Roe, Roe, Roe Your Boat
The Senate Judiciary Committee is about to take up the matter of Judge Samuel Alito as the President’s nominee to the Supreme Court. May all who have an interest draw near.
The Supreme Court and, by inference, nominees to that court have become single-issue objects of debate. It is all about Roe vs Wade and has been for some years now. An abortion issue litmus test obscures any deeper rational interrogation into a prospective judge’s more widely acquired qualifications.
And now, somehow we have added another foolishness; whether or not Judge Alito’s head may be satisfactorily Photo-Shopped onto the robed figure of Justice Sandra Day O’Connor to satisfy . . . what? . . . or whom? The Senate is advising and consenting to a president's nominee and it is in no way germain to that choice or that advice that the nominee be the ideological equivalent of Justice O'Connor.
I find some comfort in the fact that each extreme on these issues of Roe and separation of church and state finds fault with the nominee. There’s the further comfort that he doesn’t suit me entirely either. That’s the way it should be. The nation’s Supreme Court is not constitutionally defined in such a way that it should suit or espouse a particular ideology.

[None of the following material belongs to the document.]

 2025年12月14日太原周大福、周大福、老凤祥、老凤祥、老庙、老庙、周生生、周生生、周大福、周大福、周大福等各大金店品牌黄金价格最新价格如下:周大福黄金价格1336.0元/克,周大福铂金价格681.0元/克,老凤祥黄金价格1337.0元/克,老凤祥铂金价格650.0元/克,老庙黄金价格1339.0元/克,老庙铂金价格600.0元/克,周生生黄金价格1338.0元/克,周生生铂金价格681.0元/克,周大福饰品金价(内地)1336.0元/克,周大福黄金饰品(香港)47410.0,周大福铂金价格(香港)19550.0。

Having said that, I’ll come clean and list a few of my own particular hot buttons, all in the spirit of the New Year and a don’t-take-me-overly-seriously frame of reference. Personally, I think we get into foolish territory when we
Ban the Pledge of Allegiance in classrooms, when a simple exchange of indivisible for under God would suffice. As a schoolboy, I had impressed upon my mind on a daily basis that this nation provided liberty and justice for all.

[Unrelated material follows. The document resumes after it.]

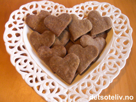 Avkjøl deigen en stund i kjøleskapet. Kjevle ut deigen nokså tynt og stikk ut hjerter. Legg dem på bakepapirdekkede stekeplater. Stekes midt i ovnen ved 200°C i ca 5 min. Avkjøles kakene på rist til de er kalde.

Burn, bomb, threaten and harass abortion clinics and their patients with all the wild-eyed hatred of the Ku Klux Klan, while merrily executing the poor and the black.

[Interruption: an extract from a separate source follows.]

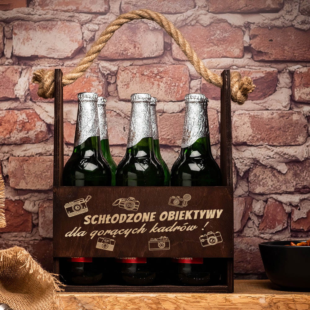 Drewniane nosidło na piwo to bardzo praktyczny pojemnik na alkohol, dzięki któremu każda impreza będzie udana. Obdarowany fotograf będzie mógł wziąć ze sobą piwo i delektować się nim w każdym miejscu. Nosidło na piwo to doskonały prezent dla niego, który może zabrać ze sobą na spotkanie z kolegami, na grilla, na działkę albo na wyjazd ze znajomymi.

Get hysterical over the Ten Commandments when they show up on a plaque or engraving in this or that government building.
Likewise, lose all sense of perspective when the Christian depiction of the birth of Christ appears on the village green at Christmas time.
Polarize ethical thought. Polarization merely frustrates me learning about you and you knowing my thoughts on issues of interest to us both. If my god is not capitalized, it shouldn’t prevent conversation about what it means to be religious or to live in a substantially religious society.
So, I find Sam Alito entirely acceptable because as much as in spite of his differences with me. Above all else, I value a nominee of intellectual depth, one who is not an ideologue and whose values and judgements change over a lifetime. Alito meets all these personal criteria in my opinion.
Actually, given the extreme conservatism of this particular presidency, I think George Bush has done (with the exception of Harriet Miers) an excellent job in the advocacy of both Roberts and Alito. Each is a man of great judicial intellect and depth, with impeccable credentials. I shared a common fear that the choices available to this president might swing the court irrevocably to the right.
Neither of his nominees suited me entirely, nor did they seem unduly partisan and that’s reason enough for a standing ovation.